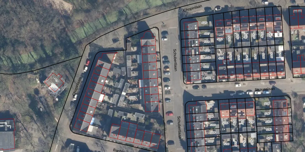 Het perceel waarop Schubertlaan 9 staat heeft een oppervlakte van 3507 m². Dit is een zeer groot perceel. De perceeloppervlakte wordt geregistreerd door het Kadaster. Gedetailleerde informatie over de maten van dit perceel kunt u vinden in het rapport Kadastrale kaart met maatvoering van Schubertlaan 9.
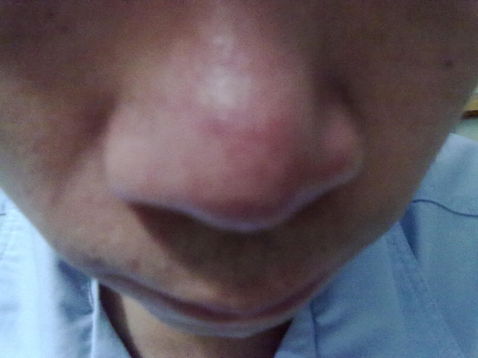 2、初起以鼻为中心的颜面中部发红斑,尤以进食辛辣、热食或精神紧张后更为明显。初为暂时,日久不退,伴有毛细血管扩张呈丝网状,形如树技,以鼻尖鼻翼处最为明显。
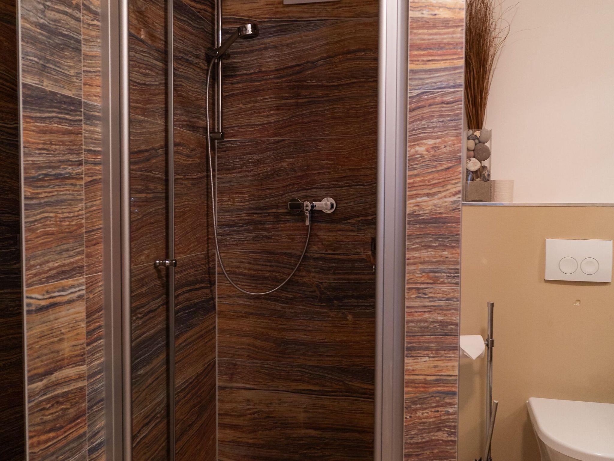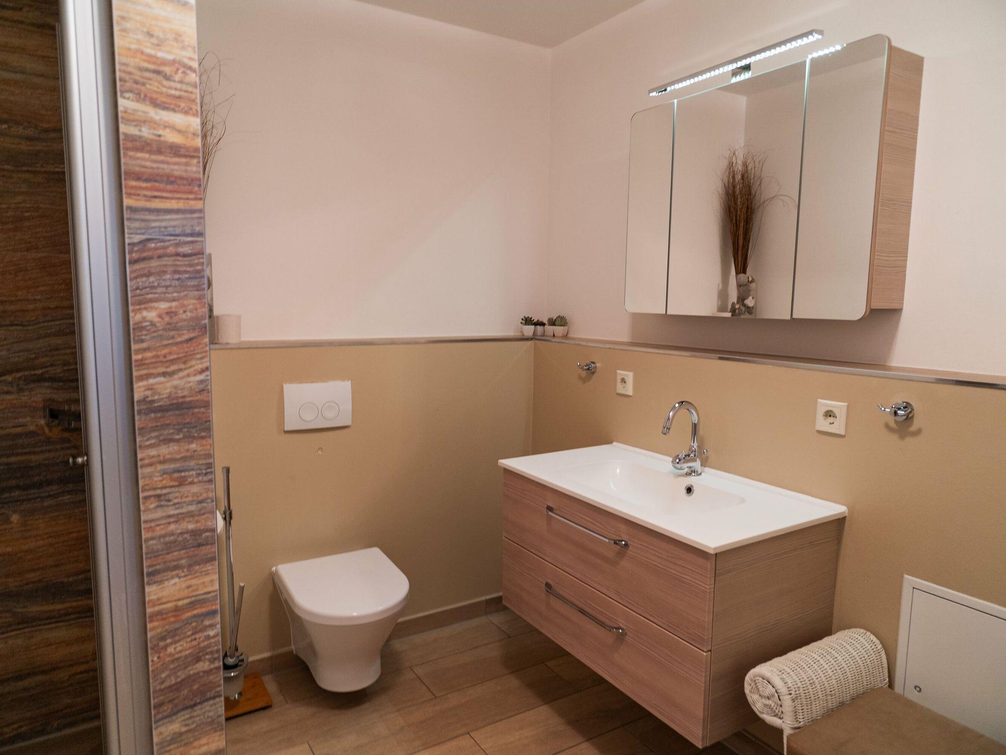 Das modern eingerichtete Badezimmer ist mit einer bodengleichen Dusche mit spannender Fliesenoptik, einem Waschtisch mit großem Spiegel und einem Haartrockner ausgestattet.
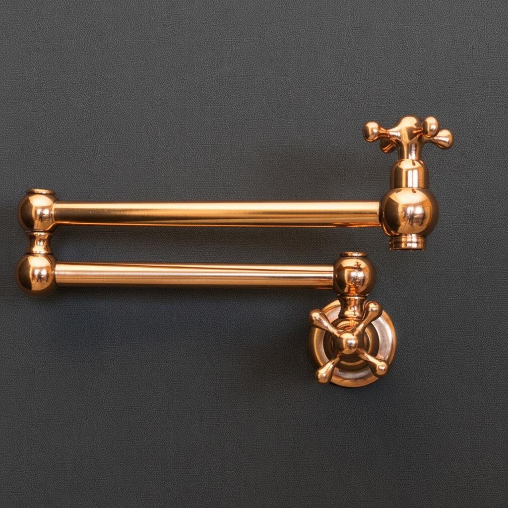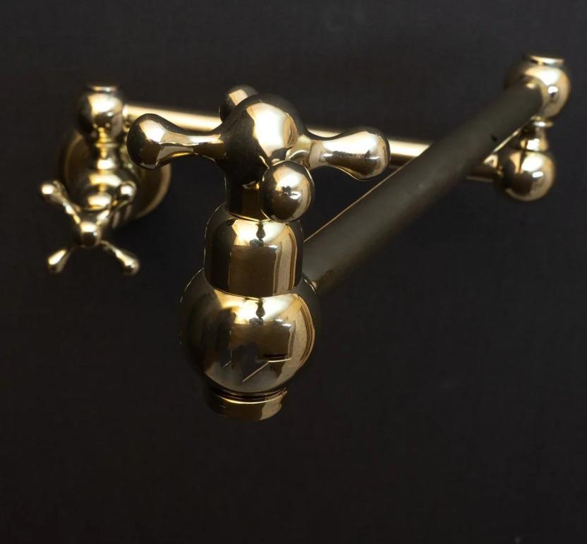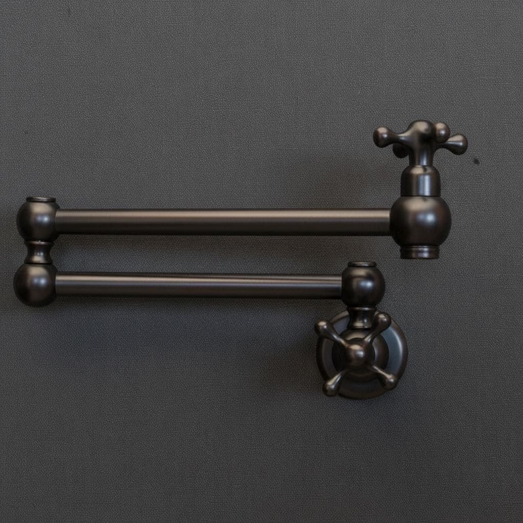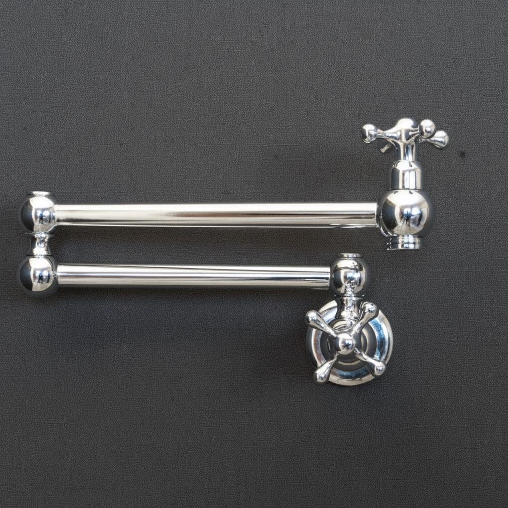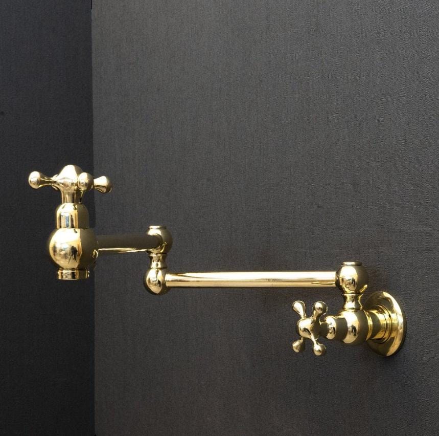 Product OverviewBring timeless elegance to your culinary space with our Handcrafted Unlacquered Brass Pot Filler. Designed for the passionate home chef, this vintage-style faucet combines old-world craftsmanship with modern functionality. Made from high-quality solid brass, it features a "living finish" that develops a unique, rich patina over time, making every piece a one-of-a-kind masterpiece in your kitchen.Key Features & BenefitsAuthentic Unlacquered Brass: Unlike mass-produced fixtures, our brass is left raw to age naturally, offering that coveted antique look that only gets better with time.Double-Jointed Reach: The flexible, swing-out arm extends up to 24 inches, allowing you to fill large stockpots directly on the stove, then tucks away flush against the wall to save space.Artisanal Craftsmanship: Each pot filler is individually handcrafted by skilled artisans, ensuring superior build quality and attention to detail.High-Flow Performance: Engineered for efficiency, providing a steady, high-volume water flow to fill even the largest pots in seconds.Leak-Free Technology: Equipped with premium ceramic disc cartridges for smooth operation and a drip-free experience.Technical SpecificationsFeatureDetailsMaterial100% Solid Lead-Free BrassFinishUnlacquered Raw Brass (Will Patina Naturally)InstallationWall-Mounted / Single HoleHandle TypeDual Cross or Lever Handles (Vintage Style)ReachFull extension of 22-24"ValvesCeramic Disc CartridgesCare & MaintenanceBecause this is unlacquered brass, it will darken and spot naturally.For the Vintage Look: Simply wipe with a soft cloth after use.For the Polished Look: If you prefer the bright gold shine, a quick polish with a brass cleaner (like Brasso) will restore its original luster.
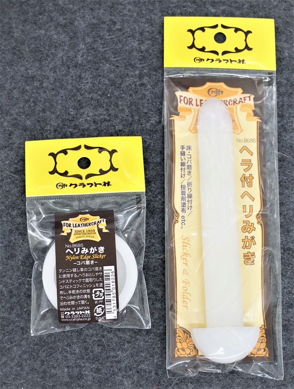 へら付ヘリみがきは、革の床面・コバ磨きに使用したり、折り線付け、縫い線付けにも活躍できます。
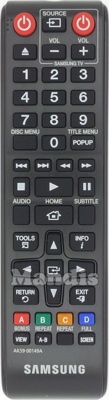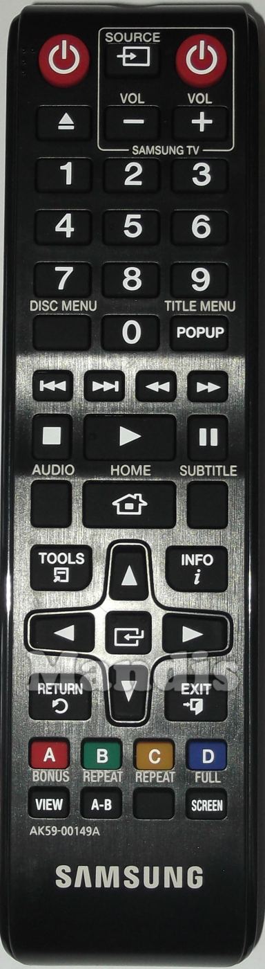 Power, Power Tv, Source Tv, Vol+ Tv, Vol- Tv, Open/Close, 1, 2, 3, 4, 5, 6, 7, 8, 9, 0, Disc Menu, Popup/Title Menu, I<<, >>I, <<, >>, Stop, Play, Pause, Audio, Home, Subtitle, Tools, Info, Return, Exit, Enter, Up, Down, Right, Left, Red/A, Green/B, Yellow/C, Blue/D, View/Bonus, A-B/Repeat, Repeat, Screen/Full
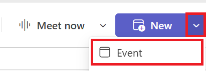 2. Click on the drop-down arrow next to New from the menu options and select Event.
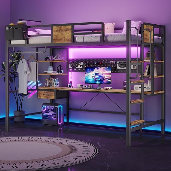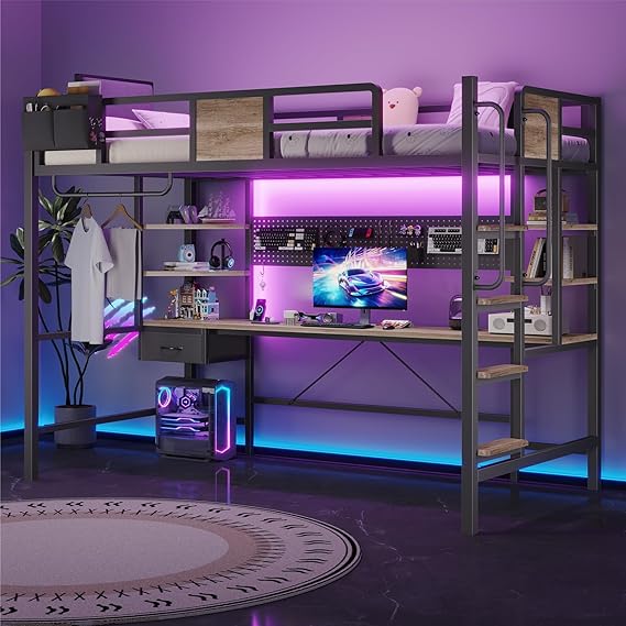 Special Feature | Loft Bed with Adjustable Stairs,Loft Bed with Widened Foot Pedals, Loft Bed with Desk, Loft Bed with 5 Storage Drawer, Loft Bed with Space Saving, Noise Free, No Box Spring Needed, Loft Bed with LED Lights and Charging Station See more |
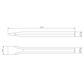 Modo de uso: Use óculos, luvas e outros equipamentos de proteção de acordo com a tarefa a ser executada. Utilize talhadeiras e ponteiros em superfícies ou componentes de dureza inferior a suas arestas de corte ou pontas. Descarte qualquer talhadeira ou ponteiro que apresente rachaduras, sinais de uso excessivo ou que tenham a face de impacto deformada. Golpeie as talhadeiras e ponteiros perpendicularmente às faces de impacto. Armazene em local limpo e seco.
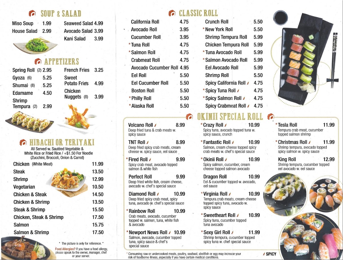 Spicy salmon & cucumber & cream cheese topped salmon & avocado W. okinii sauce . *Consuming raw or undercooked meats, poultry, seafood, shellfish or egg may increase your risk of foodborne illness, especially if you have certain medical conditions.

::::

## WORK INSTRUCTION
Although the records contain pictures, transcribe only their text, exactly as written.

## EXERCISE OUTPUT
 Het perceel waarop Schubertlaan 9 staat heeft een oppervlakte van 3507 m². Dit is een zeer groot perceel. De perceeloppervlakte wordt geregistreerd door het Kadaster. Gedetailleerde informatie over de maten van dit perceel kunt u vinden in het rapport Kadastrale kaart met maatvoering van Schubertlaan 9.
 2、初起以鼻为中心的颜面中部发红斑,尤以进食辛辣、热食或精神紧张后更为明显。初为暂时,日久不退,伴有毛细血管扩张呈丝网状,形如树技,以鼻尖鼻翼处最为明显。
 Das modern eingerichtete Badezimmer ist mit einer bodengleichen Dusche mit spannender Fliesenoptik, einem Waschtisch mit großem Spiegel und einem Haartrockner ausgestattet.
 Product OverviewBring timeless elegance to your culinary space with our Handcrafted Unlacquered Brass Pot Filler. Designed for the passionate home chef, this vintage-style faucet combines old-world craftsmanship with modern functionality. Made from high-quality solid brass, it features a "living finish" that develops a unique, rich patina over time, making every piece a one-of-a-kind masterpiece in your kitchen.Key Features & BenefitsAuthentic Unlacquered Brass: Unlike mass-produced fixtures, our brass is left raw to age naturally, offering that coveted antique look that only gets better with time.Double-Jointed Reach: The flexible, swing-out arm extends up to 24 inches, allowing you to fill large stockpots directly on the stove, then tucks away flush against the wall to save space.Artisanal Craftsmanship: Each pot filler is individually handcrafted by skilled artisans, ensuring superior build quality and attention to detail.High-Flow Performance: Engineered for efficiency, providing a steady, high-volume water flow to fill even the largest pots in seconds.Leak-Free Technology: Equipped with premium ceramic disc cartridges for smooth operation and a drip-free experience.Technical SpecificationsFeatureDetailsMaterial100% Solid Lead-Free BrassFinishUnlacquered Raw Brass (Will Patina Naturally)InstallationWall-Mounted / Single HoleHandle TypeDual Cross or Lever Handles (Vintage Style)ReachFull extension of 22-24"ValvesCeramic Disc CartridgesCare & MaintenanceBecause this is unlacquered brass, it will darken and spot naturally.For the Vintage Look: Simply wipe with a soft cloth after use.For the Polished Look: If you prefer the bright gold shine, a quick polish with a brass cleaner (like Brasso) will restore its original luster.
 へら付ヘリみがきは、革の床面・コバ磨きに使用したり、折り線付け、縫い線付けにも活躍できます。
 Power, Power Tv, Source Tv, Vol+ Tv, Vol- Tv, Open/Close, 1, 2, 3, 4, 5, 6, 7, 8, 9, 0, Disc Menu, Popup/Title Menu, I<<, >>I, <<, >>, Stop, Play, Pause, Audio, Home, Subtitle, Tools, Info, Return, Exit, Enter, Up, Down, Right, Left, Red/A, Green/B, Yellow/C, Blue/D, View/Bonus, A-B/Repeat, Repeat, Screen/Full
 2. Click on the drop-down arrow next to New from the menu options and select Event.
 Special Feature | Loft Bed with Adjustable Stairs,Loft Bed with Widened Foot Pedals, Loft Bed with Desk, Loft Bed with 5 Storage Drawer, Loft Bed with Space Saving, Noise Free, No Box Spring Needed, Loft Bed with LED Lights and Charging Station See more |
 Modo de uso: Use óculos, luvas e outros equipamentos de proteção de acordo com a tarefa a ser executada. Utilize talhadeiras e ponteiros em superfícies ou componentes de dureza inferior a suas arestas de corte ou pontas. Descarte qualquer talhadeira ou ponteiro que apresente rachaduras, sinais de uso excessivo ou que tenham a face de impacto deformada. Golpeie as talhadeiras e ponteiros perpendicularmente às faces de impacto. Armazene em local limpo e seco.
 Spicy salmon & cucumber & cream cheese topped salmon & avocado W. okinii sauce . *Consuming raw or undercooked meats, poultry, seafood, shellfish or egg may increase your risk of foodborne illness, especially if you have certain medical conditions.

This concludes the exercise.